Reproducing the issue

using 3 kubernetes clusters. 1 of them is the zookeeper only cluster which is the global metadata store for the okd1 and talos clusters. The other two are full pulsar clusters which use a proxy. this is via kubernetes proxy service that uses a load balancer which has an external IP. that external IP is what I use as my pulsar service url On the talos cluster I run the following to enable geo-replication:

bin/pulsar-admin tenants create geo-replication --allowed-clusters pulsar-okd1,pulsar-talos

bin/pulsar-admin namespaces create geo-replication/testing

bin/pulsar-admin namespaces set-clusters geo-replication/testing --clusters pulsar-talos,pulsar-okd1

since we're using the global config store, the cluster and tenant already exists on okd1 cluster. all I did was set the clusters to the tenant/ns

I did pass in the right service url for okd1 by doing a clusters update on the okd1 cluster and updated the urls to use the load balancer IP address. Then I restarted the brokers. (did this for both clusters). I am not using any authentication credentials for either of the clusters. I do have permissions to create a topic on that namespace. verified by just doing a topic create command on the ns.

Additional information

After more discussion with David K in slack channel, he concluded:

It sounds like the metadata on cluster B doesn’t get updated until a consumer attaches to the replicated topic even though the underlying topic data is there. This behavior is wrong, and the topic should exist in the target cluster’s metadata.

Are you willing to submit a PR?

  • [ ] I'm willing to submit a PR!

aweiri1 avatar Oct 03 '25 16:10 aweiri1

@aweiri1 Do you use the default configuration of createTopicToRemoteClusterForReplication=true in broker.conf? Does the Pulsar Admin connectivity work for the target remote cluster from the source cluster? Is the remote cluster properly created in the source cluster with the correct service url (--url / --url-secure)? You could check with pulsar-admin clusters get [cluster].

lhotari avatar Oct 06 '25 19:10 lhotari

@lhotari

  1. Yes, I am using the default configuration and it is set to true.
  2. the admin connectivity works both ways by running the below command on both clusters and getting the same output:
  • url -s http://<load-balancer-ip>:8080/admin/v2/clusters ["pulsar-okd1","pulsar-talos"]
  1. yes, when spinning up the clusters via helm charts, I do a clusters update command to update the clusters to use the load balancer external IP address (rather than the kubernetes dns address).:
  • bin/pulsar-admin clusters update pulsar-talos \ --broker-url pulsar://load-balancer-ip:6650 \ --url http://<load-balancer-ip:8080 \

I do this for both pulsar-talos and pulsar-okd1 clusters. After I spin up both clusters via the helm charts, and do a clusters list (on either cluster) both clusters already exists there (pulsar-talos and pulsar-okd1). This is because of the shared global config store, so the clusters already know about each other and exist on each other when doing the clusters list command. So I never have to do a clusters create just a clusters update. I restart the brokers after the update change.
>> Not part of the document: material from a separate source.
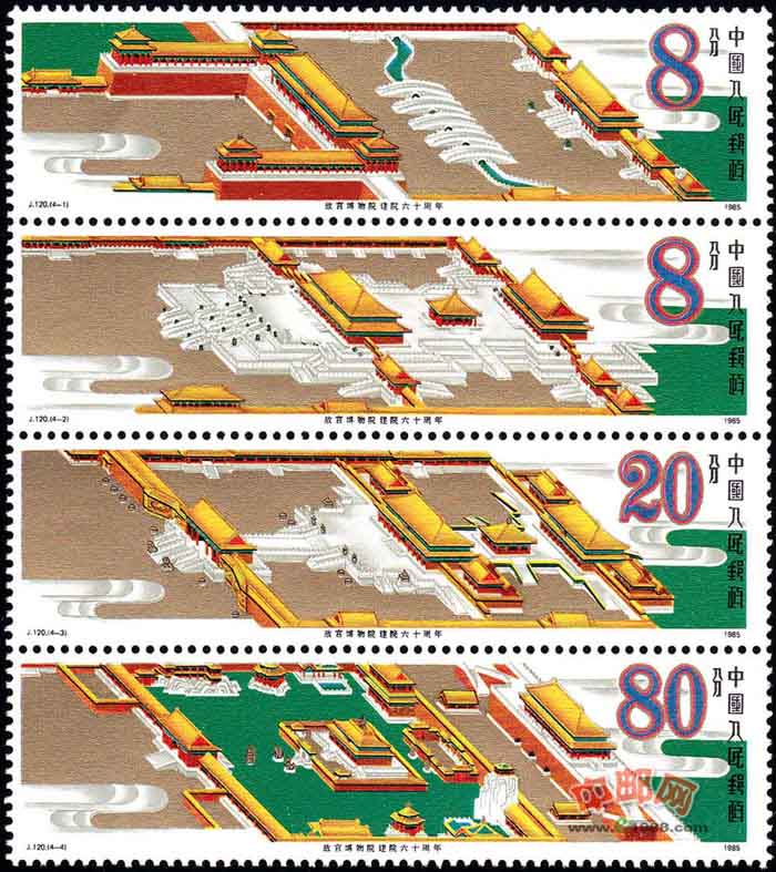 本套邮票共4枚。以四直连的票式将故宫从午门经太和殿、乾清宫、交泰殿至神武门一线的主要建筑逐一展现。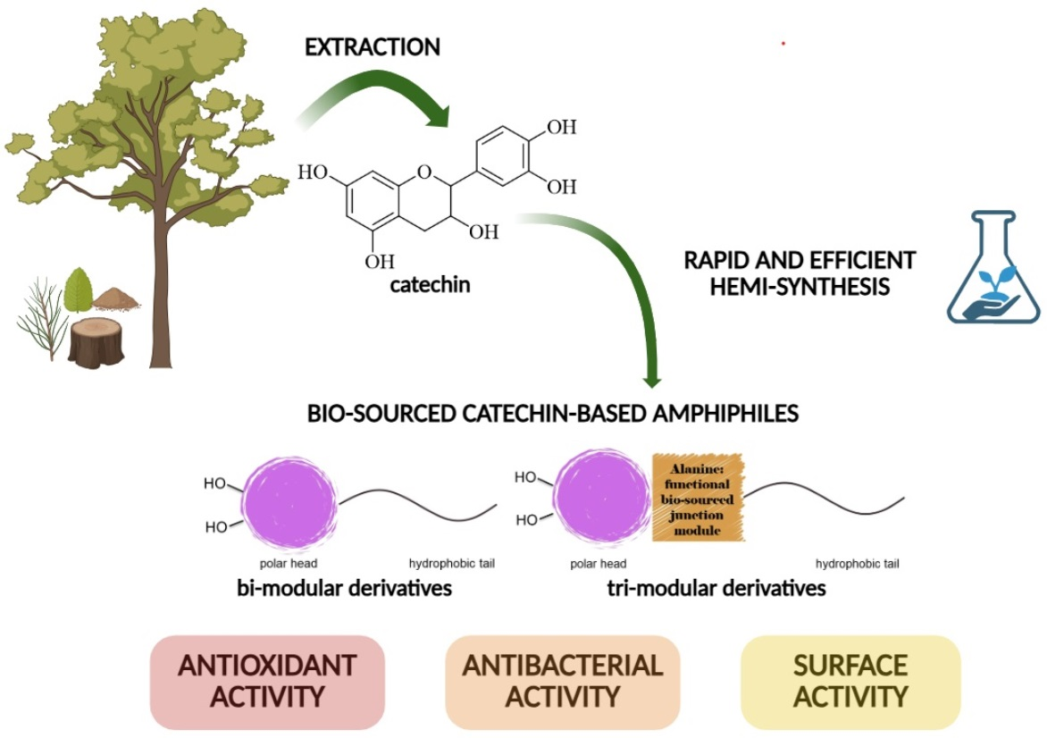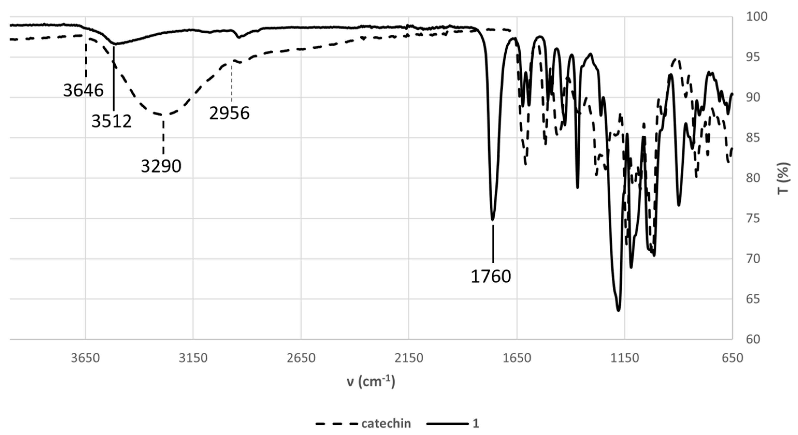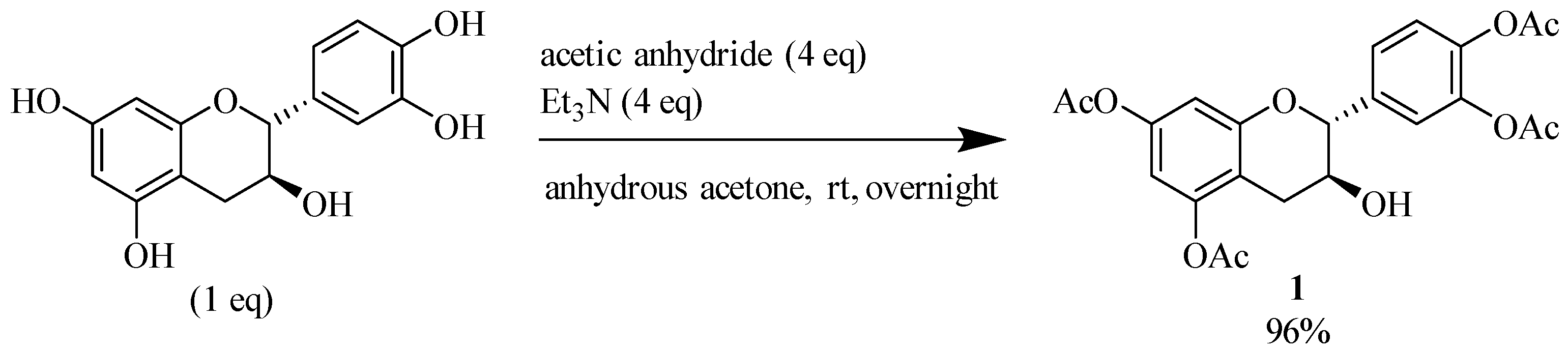 Previously dried, commercially obtained (+)-catechin (4 g, 13.78 mmol, 1 equivalent) was dissolved in anhydrous acetone (80 mL). Acetic anhydride (5.63 g, 55.12 mmol, 4 equivalents) and then Et3N (5.58 g, 55.12 mmol, 4 equivalents) were added dropwise. The mixture was stirred at room temperature overnight. Acetone was evaporated under low pressure and CH2Cl2 (100 mL) was added. The organic phase was washed with saturated NaHCO3 (25 mL) until neutral pH of the aqueous phase obtained. Organic phase was dried on anhydrous MgSO4 and the solvent was evaporated under low pressure. The residue has been purified by recrystallization in water.

aweiri1 avatar Oct 07 '25 01:10 aweiri1

pulsar version: 4.04

@aweiri1 Does the problem reproduce with Pulsar 4.0.7? IIRC, several fixes have been made between 4.0.4 and 4.0.7 to geo-replication and topic creation.
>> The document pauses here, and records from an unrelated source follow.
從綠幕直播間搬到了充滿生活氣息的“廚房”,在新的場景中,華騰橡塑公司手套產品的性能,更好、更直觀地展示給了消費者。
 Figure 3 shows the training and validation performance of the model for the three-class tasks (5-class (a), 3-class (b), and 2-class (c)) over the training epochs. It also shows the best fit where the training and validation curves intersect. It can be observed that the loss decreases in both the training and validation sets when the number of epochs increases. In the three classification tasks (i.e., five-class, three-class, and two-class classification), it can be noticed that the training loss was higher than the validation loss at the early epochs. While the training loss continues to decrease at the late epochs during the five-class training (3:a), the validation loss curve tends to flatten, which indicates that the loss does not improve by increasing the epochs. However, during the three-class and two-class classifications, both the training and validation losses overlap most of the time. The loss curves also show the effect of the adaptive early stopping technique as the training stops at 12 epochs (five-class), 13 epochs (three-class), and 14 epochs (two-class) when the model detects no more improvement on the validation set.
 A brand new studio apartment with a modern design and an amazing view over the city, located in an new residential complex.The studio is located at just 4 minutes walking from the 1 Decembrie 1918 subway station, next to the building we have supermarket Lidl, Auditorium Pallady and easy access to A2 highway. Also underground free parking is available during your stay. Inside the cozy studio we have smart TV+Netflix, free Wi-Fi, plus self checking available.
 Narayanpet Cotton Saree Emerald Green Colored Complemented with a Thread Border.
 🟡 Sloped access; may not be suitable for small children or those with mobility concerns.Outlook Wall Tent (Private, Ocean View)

Diff between 4.0.4 and 4.0.7:

  • https://github.com/apache/pulsar/compare/v4.0.4...v4.0.7

Release notes:

  • https://pulsar.apache.org/release-notes/versioned/pulsar-4.0.7/
  • https://pulsar.apache.org/release-notes/versioned/pulsar-4.0.6/
  • https://pulsar.apache.org/release-notes/versioned/pulsar-4.0.5/

lhotari avatar Oct 07 '25 09:10 lhotari

@lhotari we have not yet moved to upgrading our kubernetes pulsar clusters, but plan to soon. In the meantime, I am doing more testing on the issue.

I decided to try a bare-metal deployment on my VMs to see if I came across the same topic replication issue. This was a very simple one-node pulsar v4.0.4 cluster deployment (x2) with a global config store (3 VMs total). There is no proxy or load balancer being used, and I did not enable functions.

When configuring and testing geo-replication on the bare-metal set up, I started a producer on cluster 1 which auto created the topic on cluster 1. It began sending consistent messages, and after only sending ~5 messages (without starting any consumers) the topic existed on cluster 2 and I was able to view the topic stats.

This tells me it could be a kubernetes deployment issue rather than a version issue, but I'm not sure what in the K8s cluster would cause this error.. Wondering if you have any feedback?

aweiri1 avatar Oct 21 '25 21:10 aweiri1

@lhotari I am still working on resolving this issue, and I have documented the following findings:

I believe I may have made progress on narrowing down the issue, which is cross communication across clusters for replicators.

As we know, geo-replication is semi-working:

issue re-cap:

  • 2 pulsar kubernetes cluster set-up (okd1 and talos)
  • updated cluster urls to load balancer IPs (manually) and restarted brokers with success
  • can use the cluster urls successfully with producers and consumers
  • enabled geo-replication on replication tenant/ns
  • produced 100 messages on talos cluster with no consumers running on either cluster
  • immediately triggers connection/internal-server error in talos broker logs
  • topic never exists on okd1 cluster
  • started consumer on okd1 cluster and it receives the 100 messages

result: geo-replication semi-working with weird topic replication issue. The topic never replicates, even though on consumer start, the messages replicate.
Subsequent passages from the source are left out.